And, they need time to settle in to new surroundings and become compatible & comfortable with one another.
Get 3 more, give them some time, and they'll be just fine.
Trust long term experience on this matter - it will work.


----------



## nalu86 (Oct 19, 2010)

are those discus in your 135gal?
if so, put 7 more in there  agression will be gone in a snap.


----------



## ZippyFish (May 14, 2015)

*Attacking discus.*

I have 2 discus, they were purchase together and have been in the tank for at least 8 months. Just recently practically over night, the larger blue diamond discus 3" cornered, attack, and won't let my red tiger discus 3" relax. We separated the attacker for 2 days, reintroduced and he came back more aggressive even shuttering. We have a planted 125 gallon tank. We also have 2 large Angels, which can be mildly aggressive. Any suggestions. And advise would be considered. ZippyFish


----------



## roadmaster (Nov 5, 2009)

ZippyFish said:


> I have 2 discus, they were purchase together and have been in the tank for at least 8 months.

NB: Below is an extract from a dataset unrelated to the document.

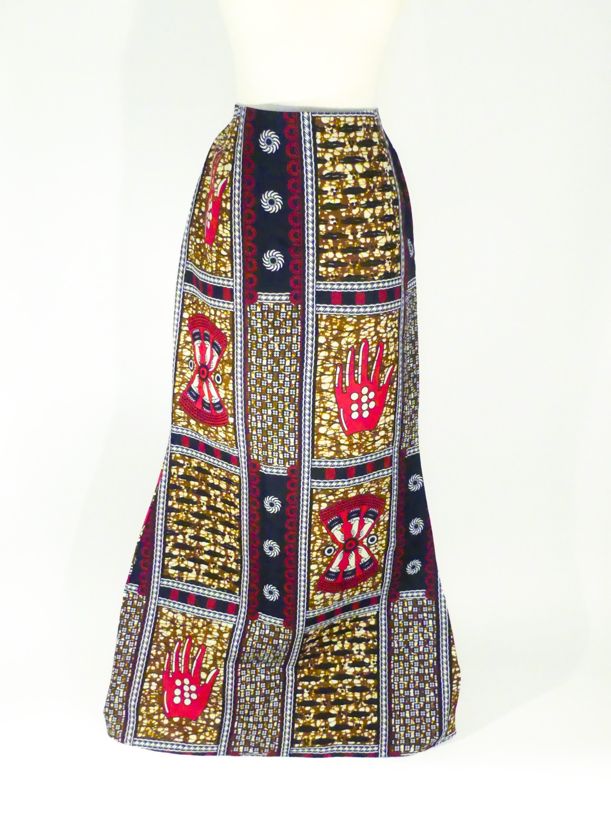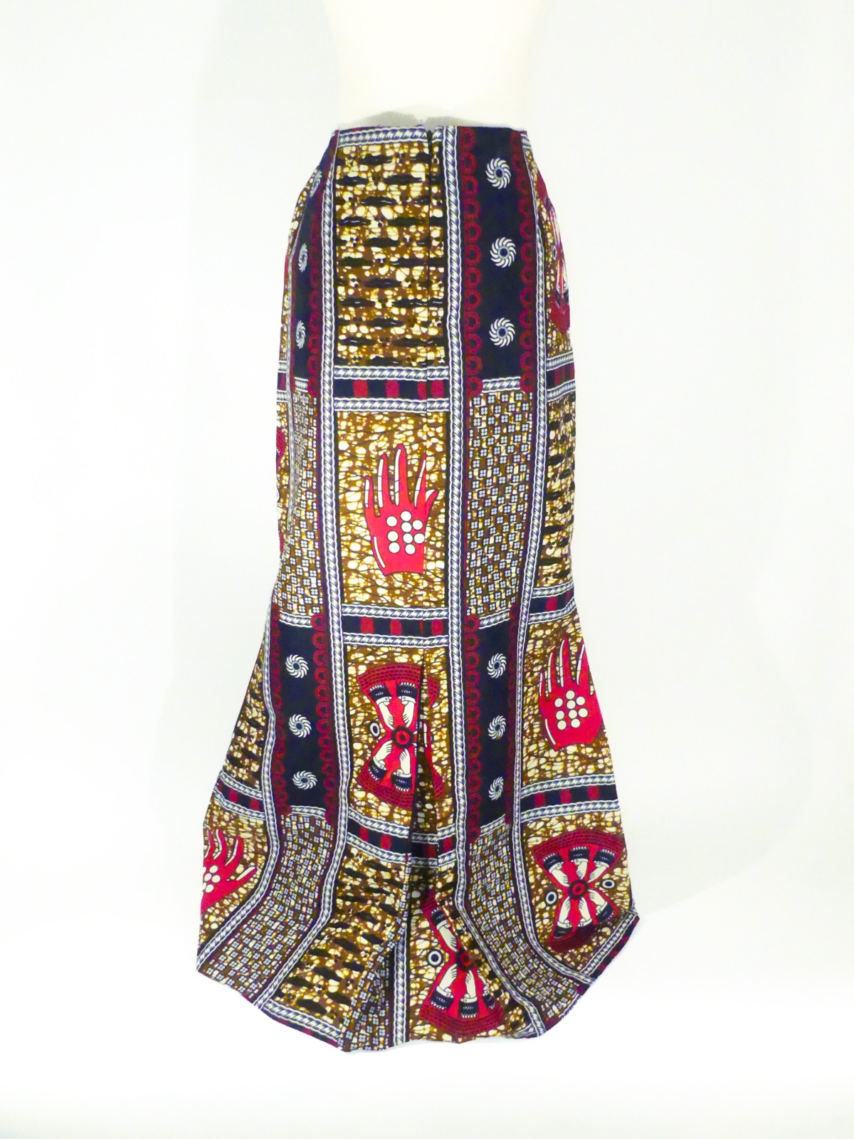 La falda larga estampado africano Diabaté es una celebración de la moda consciente que conecta estética y compromiso social. Confeccionada de forma artesanal con tejido wax 100% algodón y forro reciclable, esta prenda destaca por su estampado en tonos rojo, negro y amarillo, que evoca elegancia y dinamismo en perfecta armonía.

Just recently practically over night, the larger blue diamond discus 3" cornered, attack, and won't let my red tiger discus 3" relax. We separated the attacker for 2 days, reintroduced and he came back more aggressive even shuttering. We have a planted 125 gallon tank. We also have 2 large Angels, which can be mildly aggressive. Any suggestions. And advise would be considered. ZippyFish


 
More Discus as mentioned above in previous post buy DiscusPaul
Man,this is old thread,but advice was/is sound.:hihi:


----------